All analysis were performed using R and RStudio. We used the elastic net regression model as implemented in the glmnet-package for R.1

I have used the great book “An introduction to statistical learning with applications in R”.(James et al. 2021) This book is freely available and the authors have even created small talks on each chapter (though only for the first edition). I believe this book is the main curriculum for beginning work with statistical learning (or machine learning, but that matter).

The script used for creating a regularised prediction model is below.

Optimisation and regularisation steps
## ====================================================================
## Step 0: data import and wrangling
## ====================================================================

# source("data_format.R")
y1<-factor(as.integer(y)-1) ## Outcome is required to be factor of 0 or 1.

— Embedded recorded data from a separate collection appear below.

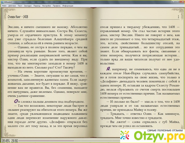 Перевод нормальный, без претензий. По сюжету Майк Энслин, писатель, зарабатывающий на книгах о призраках, пытается попасть в номер «1408» отеля «Дельфин» с целью написания книги о нём. Находится он на 13-м этаже, переименованном в 14-й. А сумма цифр 1+4+0+8=13. Это должно добавить рассказу мистики.
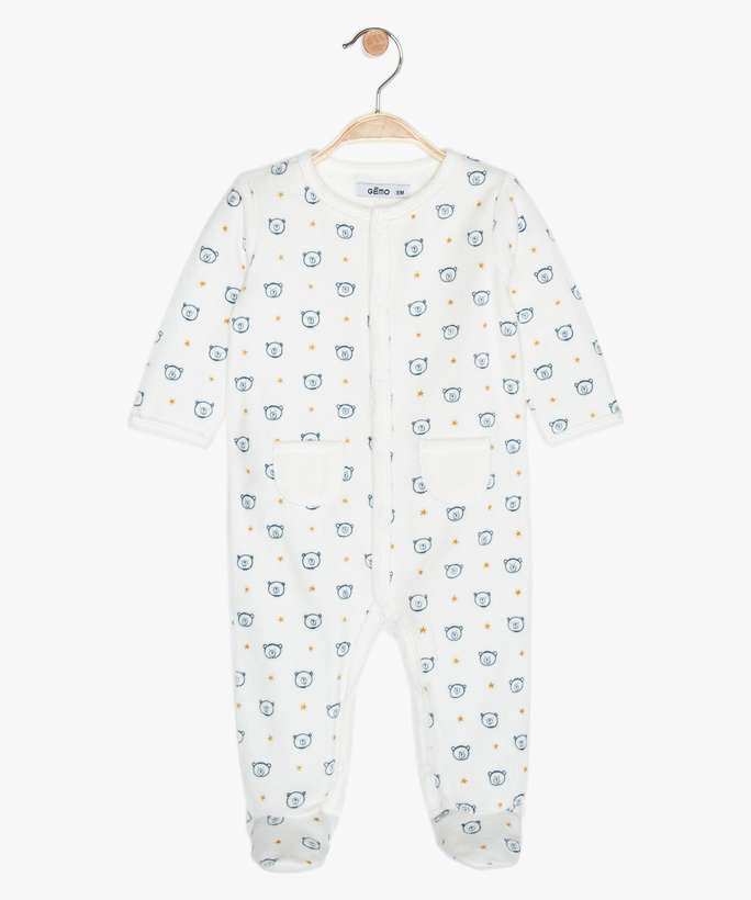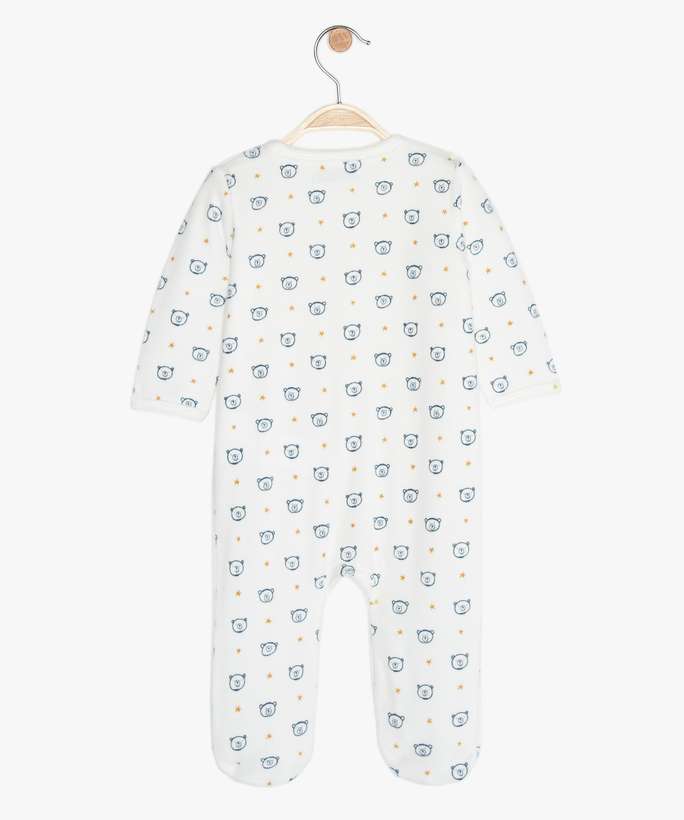 Absolument ravissant, le pyjama bébé en velours avec son imprimé à têtes d'oursons et étoiles ! Le pyjama est doté de fausses poches sur l'avant pour une allure chic ! Astucieux, il est équipé d'une ouverture pressionnée intégrale du col aux chevilles : habillage et changes faciles garantis !
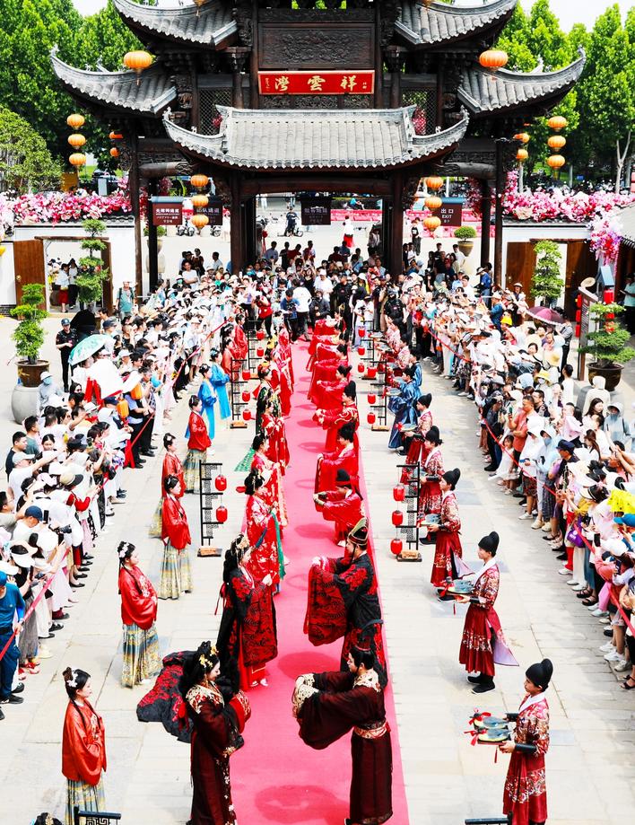 云夢祥云灣文旅度假區(qū)舉辦集體婚禮活動,新人共赴“白首之約”。 (彭雙明 攝)
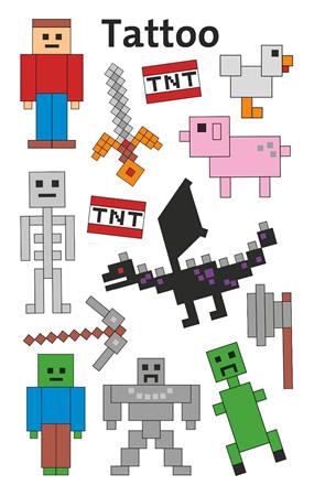 A digitális világ minden rajongójának! Tetováljatok Pixel & Co figurákat magatokra – persze nem igazából, mégis megtévesztően élethűeket. A menő digitális tetoválásokkal mindenkinek lehet kedvenc pixelje! Lepje meg gyermekeit fantasztikus tetoválásokkal, amelyek tökéletesek ajándéknak, meglepinek, születésnapi bulikra vagy egyszerűen egy közös játékhoz a gyerekeknek.
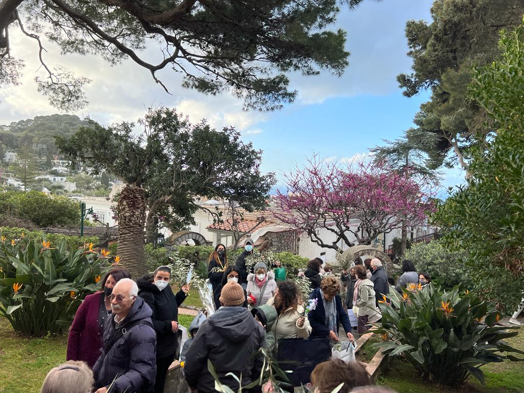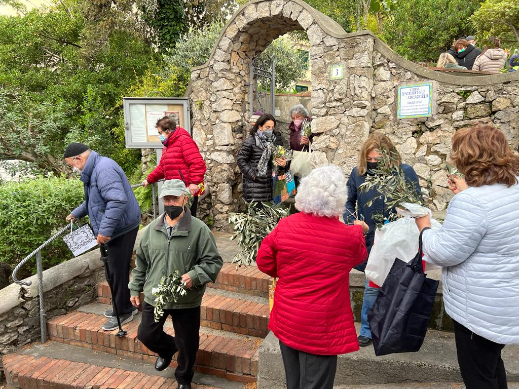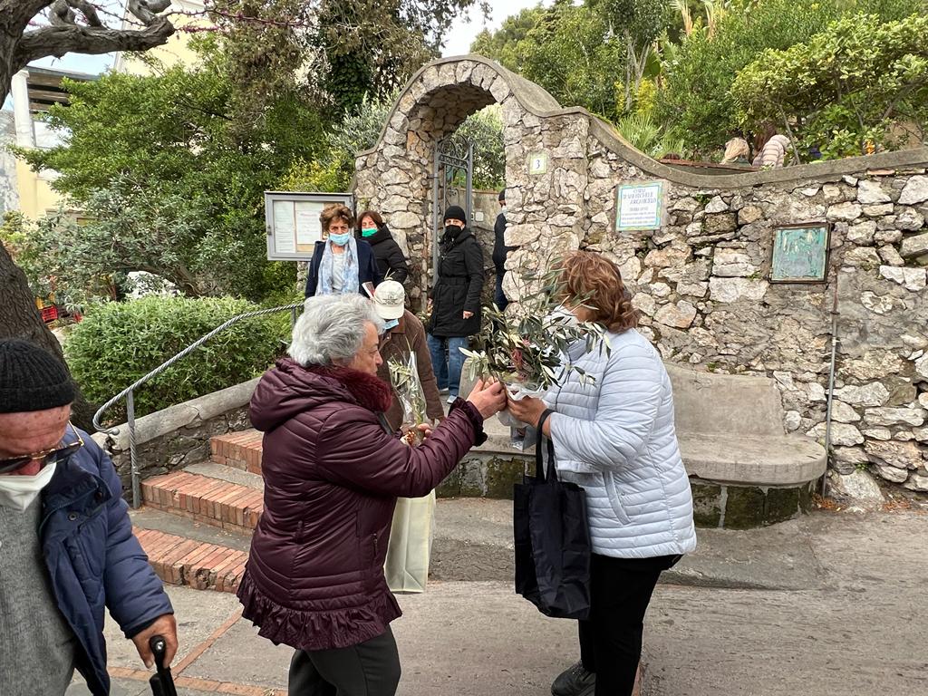 Torna la benedizione delle palme a Capri, dopo due anni di stop dovute alle norme anti Covid, all’aperto, il rito della benedizione delle palme, nel tipico spazio verde all’esterno della chiesetta di San Michele che apre la strada che conduce a Villa Jovis, a Tiberio . Prima della messa che è stata celebrata da Don Nello il giovane sacerdote molto amato dai ragazzi e dalla comunità isolana, dopo la benedizione del simbolico rametto d’ulivo, nel caratteristico giardino-orto che circonda la piccola antica struttura religiosa, ha celebrato poi all’interno della chiesetta la messa della Domenica delle Palme leggendo le pagine del Vangelo colme di parole di speranza e di pace. Circa un centinaio di fedeli non hanno fatto mancare la loro partecipazione, in un angolo religioso dell’isola così ricco di storia e suggestivo. Dopo la celebrazione della messa sulla strada di Tiberio c’è stato lo scambio del rametto di pace tra i fedeli che hanno rivolto pensieri di pace verso l’Ucraina che sta vivendo i momenti tragici della guerra, tra i fedeli presenti alla cerimonia c’erano anche tanti cittadini della Comunità Ucraina che vivono e lavorano a Capri.
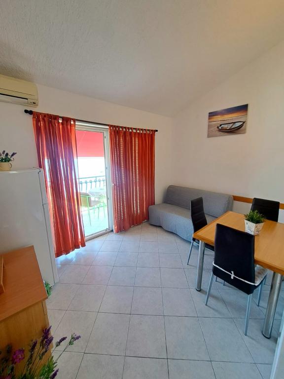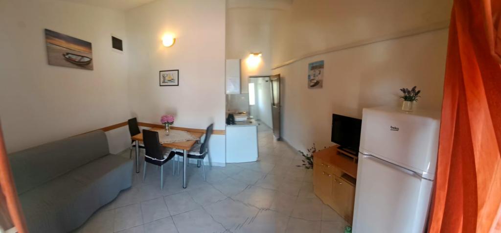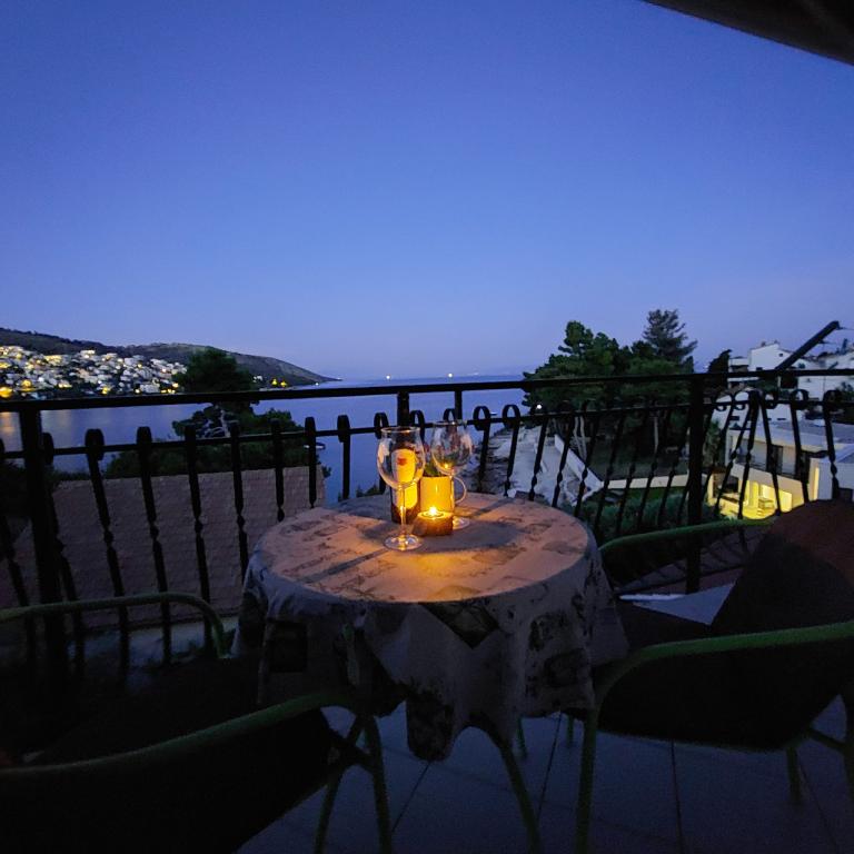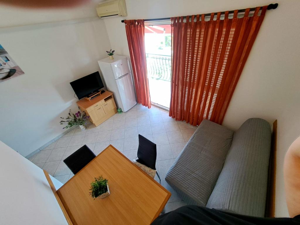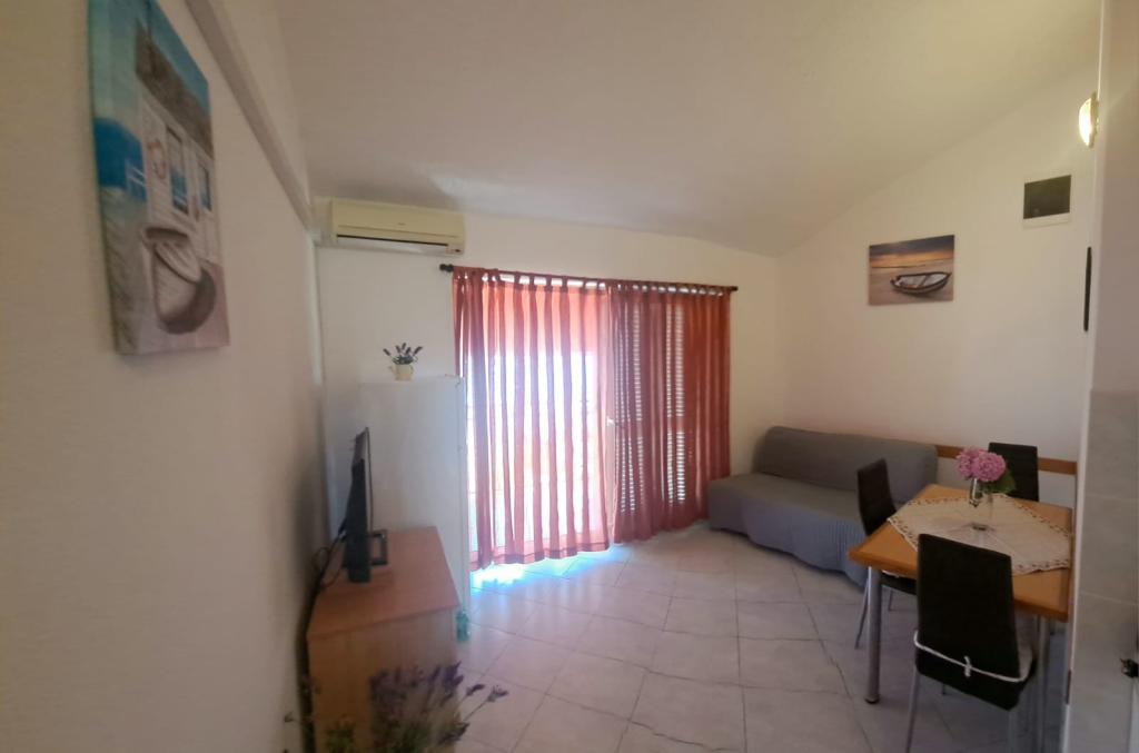 Apartamenty Toni znajdują się w wyjątkowo cichej okolicy, zaledwie 30 metrów od morza. Tuż pod apartamentem znajduje się piękna plaża żwirowa, a po lewej i prawej stronie plaży znajdują się skały morskie. Morze jest krystalicznie czyste. Z apartamentu roztacza się wspaniały widok na morze i wyspy. Każdy, kto przyjedzie, ma doskonałe warunki na idealne wakacje w spokoju. Apartamenty są klimatyzowane. Parking i Wi-Fi są bezpłatne.
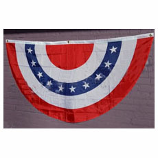 This is flat bunting made of polyester fabric. It measures 3′ x 6′. Metal grommets lessen the chance of the fabric tearing from the corners.
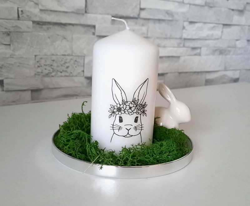 Parafínová svíčka s motivem. Výška svíčky je 11 cm.

## ====================================================================
## Step 1: settings
## ====================================================================

## Folds
K=10
set.seed(3)
c<-caret::createFolds(y=y, 
                      k = K, 
                      list = FALSE, 
                      returnTrain = TRUE) # Foldids for alpha tuning

## Defining tuning parameters
lambdas=2^seq(-10, 5, 1)
alphas<-seq(0,1,.1)

## Weights for models
weighted=TRUE
if (weighted == TRUE) {
  wght<-as.vector(1 - (table(y)[y] / length(y)))
} else {
  wght <- rep(1, nrow(y))
}


## Standardise numeric
## Centered and 



## ====================================================================
## Step 2: all cross validations for each alpha
## ====================================================================

library(furrr)
library(purrr)
library(doMC)
registerDoMC(cores=6)

# Nested CVs with analysis for all lambdas for each alpha
# 
set.seed(3)
cvs <- future_map(alphas, function(a){
  cv.glmnet(model.matrix(~.-1,X),
            y1,
            weights = wght,
            lambda=lambdas, 
            type.measure = "deviance", # This is standard measure and recommended for tuning
            foldid = c, # Per recommendation the folds are kept for alpha optimisation
            alpha=a,
            standardize=TRUE,
            family=quasibinomial,
            keep=TRUE) # Same as binomial, but not as picky
})

## ====================================================================
# Step 3: optimum lambda for each alpha
## ====================================================================


# For each alpha, lambda is chosen for the lowest meassure (deviance)
each_alpha <- sapply(seq_along(alphas), function(id) {
  each_cv <- cvs[[id]]
  alpha_val <- alphas[id]
  index_lmin <- match(each_cv$lambda.min, 
                      each_cv$lambda)
  c(lamb = each_cv$lambda.min, 
    alph = alpha_val,
    cvm = each_cv$cvm[index_lmin])
})

# Best lambda
best_lamb <- min(each_alpha["lamb", ])

# Alpha is chosen for best lambda with lowest model deviance, each_alpha["cvm",]
best_alph <- each_alpha["alph",][each_alpha["cvm",]==min(each_alpha["cvm",]
                                                         [each_alpha["lamb",] %in% best_lamb])]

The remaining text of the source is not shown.